Li muitos há muitos anos atrás. Achei que devia devorar clássicos para perceber melhor a vida. Mas a vida nos romances era normalmente previsível. E nunca me surpreendi com os finais. Por isso ganhei o vício de ler vários ao mesmo tempo. A preocupação moralista ou a ausência da mesma nos finais trouxe-me sempre a sensação de deja-vu. Raras foram as vezes que isso não aconteceu. Posso indicar quando. São aqueles finais em que ninguém assenta a poeira. Deixa-se tudo revolto para podermos pensar em diferentes planos de aterragem. Afinal quanto mais finas as linhas da mão, maior é o livre arbítrio.
Por outro lado, faltou-me sempre gritos nos romances. Ou eram em forma de pastilha elástica. Peixe cozido, ou água com açúcar. Para mim, o certo eram os contos; curtos e com um murro no estômago. Uma arte difícil. Mas eu queria balas e por isso virei-me para a poesia.
O livro da minha vida por isso mesmo é um livro de poesia. Pequeno e escrito em circunstâncias para mim, arrepiantes. Do coração de um dos porta vozes da Beat Generation durante uma das suas passagens pelo hospital psiquiátrico de Rockland, nasce de uma recomendação médica (entre alguns choques eléctricos para “curar” a suposta esquizofrenia) de terapia artística; o falar em voz alta, o gravar de pensamentos. E por isso esta escrita soa tão bem falada ao meu ouvido. E a bala é certeira em mim.

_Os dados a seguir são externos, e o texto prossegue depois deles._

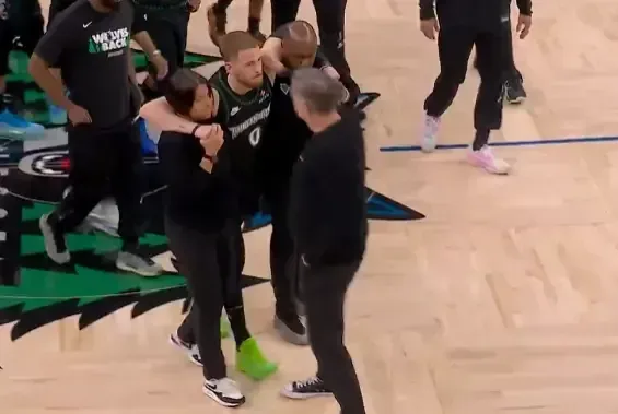 在季后赛首轮森林狼vs掘金G4的比赛开局阶段,森林狼后卫迪文琴佐在一次后脚向后发力蹬地的过程中不幸右腿受伤,仅登场1分19秒便伤退离场再没回归。据随后跟进报道:迪温琴佐被诊断出右跟腱断裂,赛季报销。

É “o” livro. Não é só o melhor retrato desta jovem minoria nos anos 50 mas da importância que “Ser minoria” deveria ter ainda hoje. Numa era minada pela importância de ser gostado (não amado), de sacrificar em prol do ego (não de amor próprio) e de parecer (nunca de ser), Allen Ginsberg oferece-nos pérolas no seu estado mais puro, principalmente quando nos manda à cara uma bomba chamada “Song”; o melhor poema que já li. Um exercício de simplicidade como é difícil de ver em qualquer língua sobre o amor; a língua mais difícil de ser falada pela maioria. Mas como isto é sobre os que teimam em ir por caminhos difíceis- corações ao alto! E viva a vulnerabilidade dos que teimam traduzir tudo em nome dele.